- What you are asked to do -
Every entry is to be reproduced word for word, but the images are not.

....

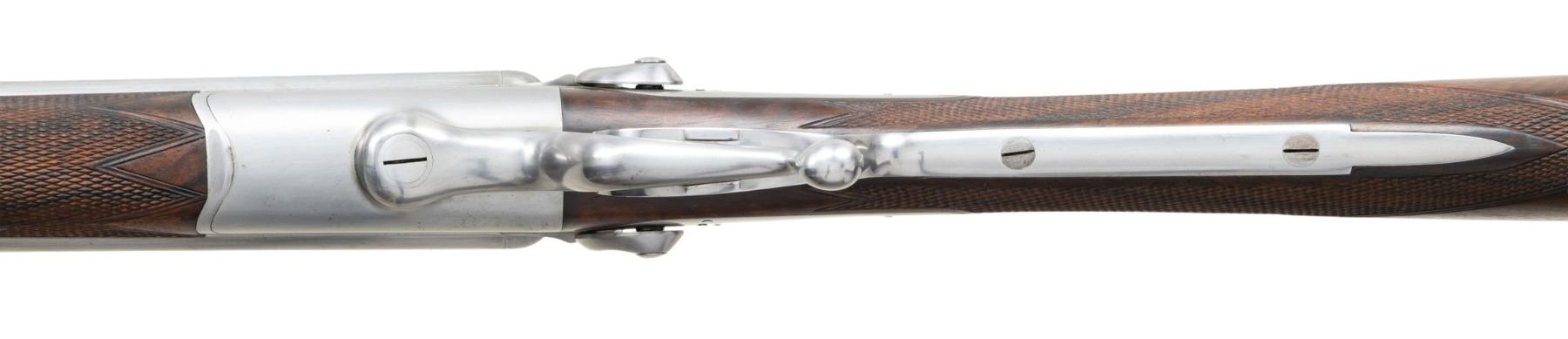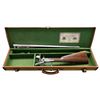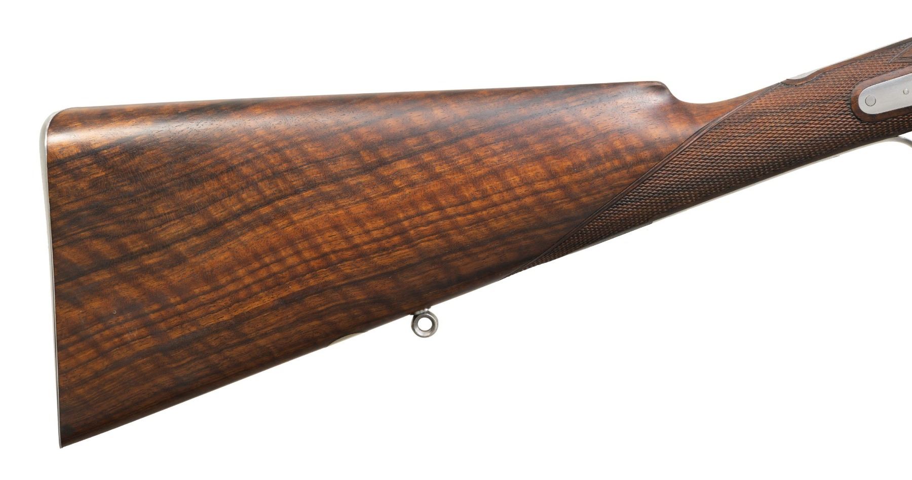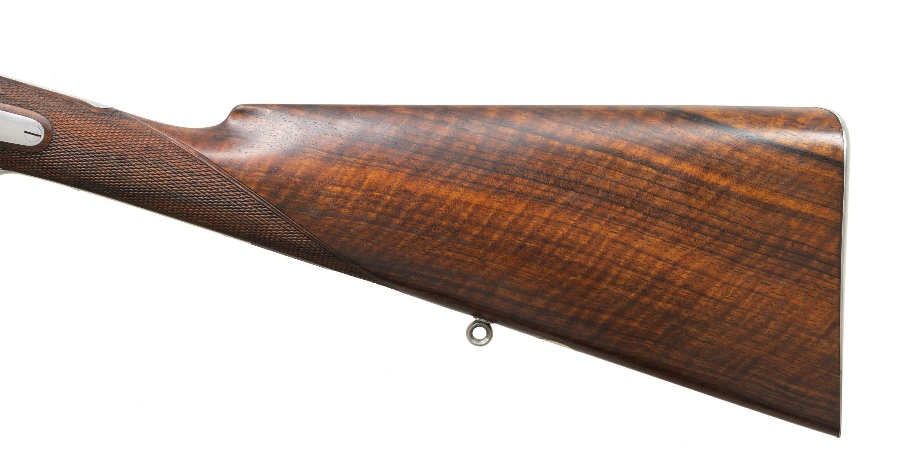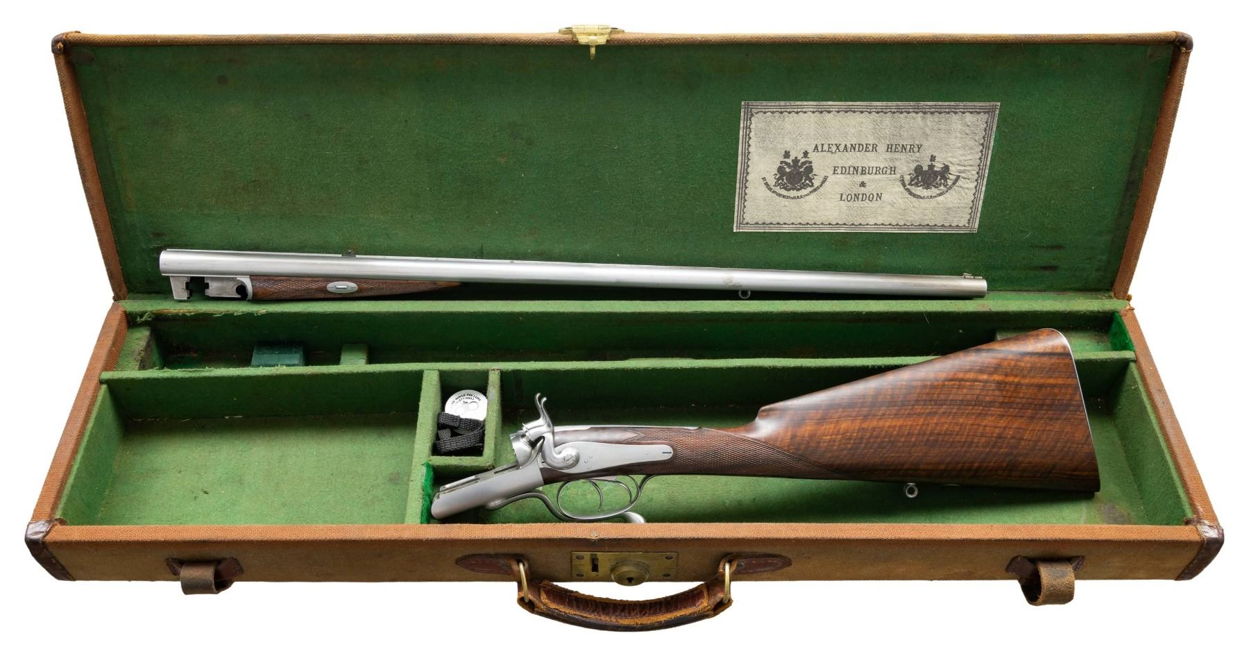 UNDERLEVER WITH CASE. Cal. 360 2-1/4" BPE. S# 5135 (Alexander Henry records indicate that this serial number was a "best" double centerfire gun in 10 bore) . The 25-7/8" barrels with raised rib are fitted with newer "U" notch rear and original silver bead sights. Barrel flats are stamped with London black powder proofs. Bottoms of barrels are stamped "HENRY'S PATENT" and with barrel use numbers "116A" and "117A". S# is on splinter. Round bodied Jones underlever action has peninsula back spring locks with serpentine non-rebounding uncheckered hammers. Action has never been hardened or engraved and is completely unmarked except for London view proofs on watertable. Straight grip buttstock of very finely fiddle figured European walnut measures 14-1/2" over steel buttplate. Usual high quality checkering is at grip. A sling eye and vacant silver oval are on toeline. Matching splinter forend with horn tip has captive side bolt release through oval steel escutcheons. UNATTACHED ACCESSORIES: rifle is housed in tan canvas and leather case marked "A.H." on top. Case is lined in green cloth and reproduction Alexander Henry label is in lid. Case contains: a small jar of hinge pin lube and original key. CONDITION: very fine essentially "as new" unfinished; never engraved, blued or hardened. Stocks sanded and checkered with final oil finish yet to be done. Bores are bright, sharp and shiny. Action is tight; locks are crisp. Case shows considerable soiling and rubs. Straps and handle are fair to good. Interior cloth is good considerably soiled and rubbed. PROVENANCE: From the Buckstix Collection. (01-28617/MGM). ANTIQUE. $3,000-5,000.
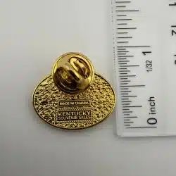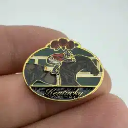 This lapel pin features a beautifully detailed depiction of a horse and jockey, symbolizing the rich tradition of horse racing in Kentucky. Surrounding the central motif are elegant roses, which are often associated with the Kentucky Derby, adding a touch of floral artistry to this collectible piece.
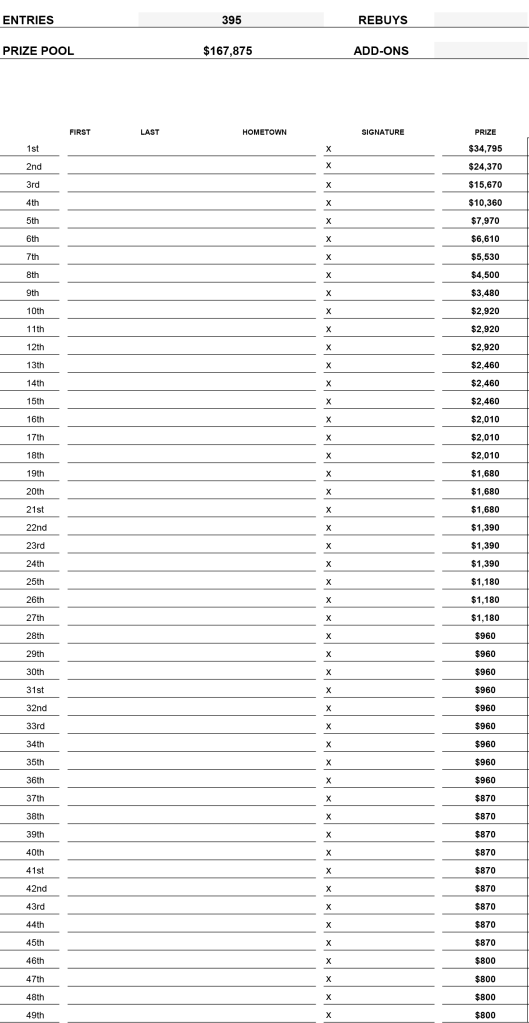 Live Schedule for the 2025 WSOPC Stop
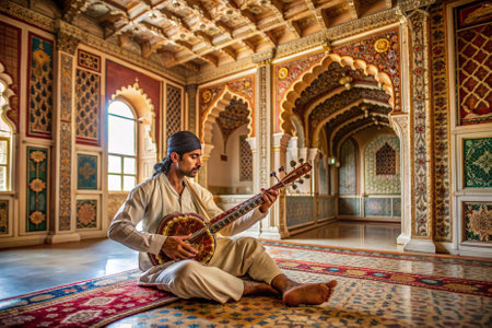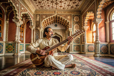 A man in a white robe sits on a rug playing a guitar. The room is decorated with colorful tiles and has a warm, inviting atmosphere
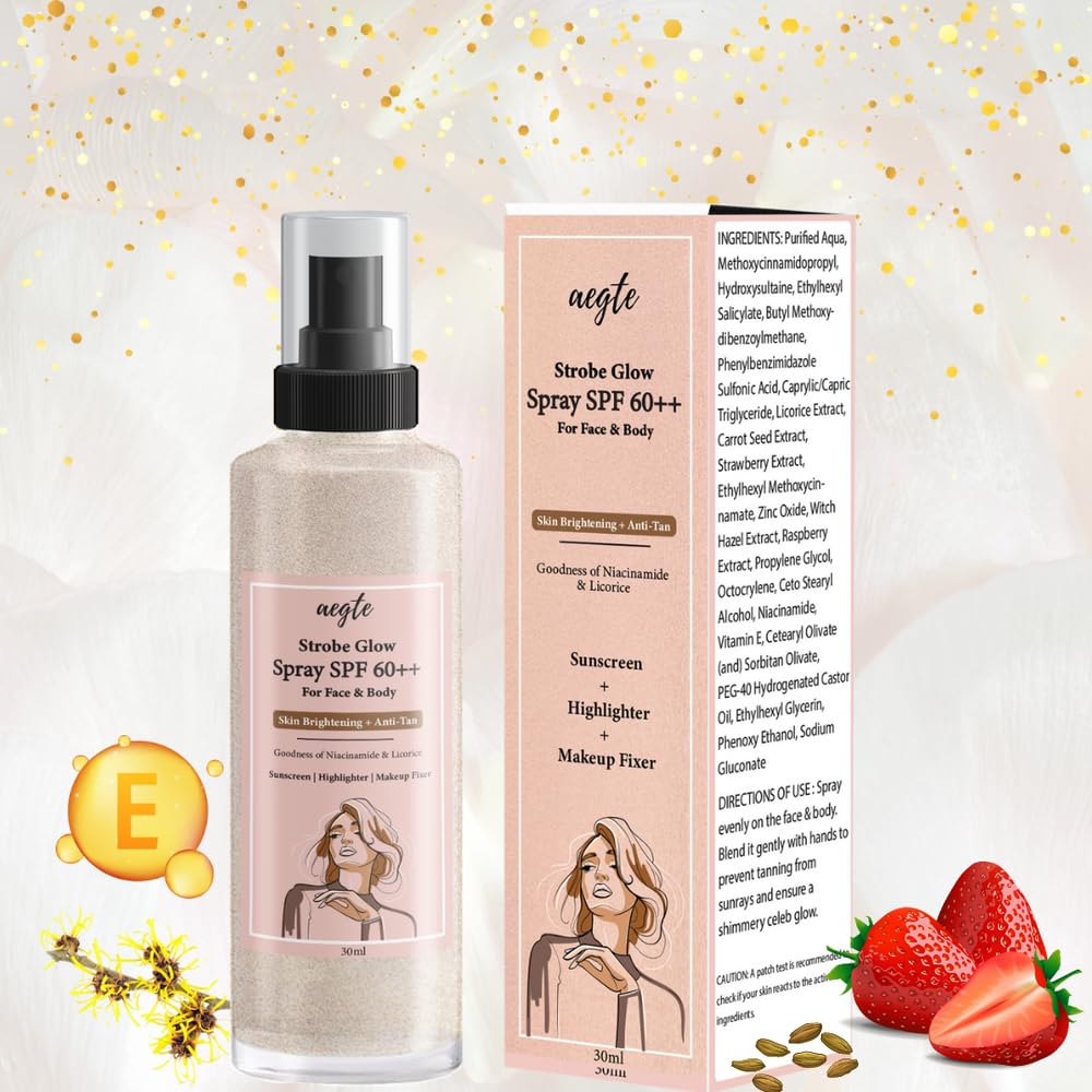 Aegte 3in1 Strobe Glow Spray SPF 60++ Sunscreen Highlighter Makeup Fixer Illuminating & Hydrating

....

- Reply to the task -
 UNDERLEVER WITH CASE. Cal. 360 2-1/4" BPE. S# 5135 (Alexander Henry records indicate that this serial number was a "best" double centerfire gun in 10 bore) . The 25-7/8" barrels with raised rib are fitted with newer "U" notch rear and original silver bead sights. Barrel flats are stamped with London black powder proofs. Bottoms of barrels are stamped "HENRY'S PATENT" and with barrel use numbers "116A" and "117A". S# is on splinter. Round bodied Jones underlever action has peninsula back spring locks with serpentine non-rebounding uncheckered hammers. Action has never been hardened or engraved and is completely unmarked except for London view proofs on watertable. Straight grip buttstock of very finely fiddle figured European walnut measures 14-1/2" over steel buttplate. Usual high quality checkering is at grip. A sling eye and vacant silver oval are on toeline. Matching splinter forend with horn tip has captive side bolt release through oval steel escutcheons. UNATTACHED ACCESSORIES: rifle is housed in tan canvas and leather case marked "A.H." on top. Case is lined in green cloth and reproduction Alexander Henry label is in lid. Case contains: a small jar of hinge pin lube and original key. CONDITION: very fine essentially "as new" unfinished; never engraved, blued or hardened. Stocks sanded and checkered with final oil finish yet to be done. Bores are bright, sharp and shiny. Action is tight; locks are crisp. Case shows considerable soiling and rubs. Straps and handle are fair to good. Interior cloth is good considerably soiled and rubbed. PROVENANCE: From the Buckstix Collection. (01-28617/MGM). ANTIQUE. $3,000-5,000.
 This lapel pin features a beautifully detailed depiction of a horse and jockey, symbolizing the rich tradition of horse racing in Kentucky. Surrounding the central motif are elegant roses, which are often associated with the Kentucky Derby, adding a touch of floral artistry to this collectible piece.
 Live Schedule for the 2025 WSOPC Stop
 A man in a white robe sits on a rug playing a guitar. The room is decorated with colorful tiles and has a warm, inviting atmosphere
 Aegte 3in1 Strobe Glow Spray SPF 60++ Sunscreen Highlighter Makeup Fixer Illuminating & Hydrating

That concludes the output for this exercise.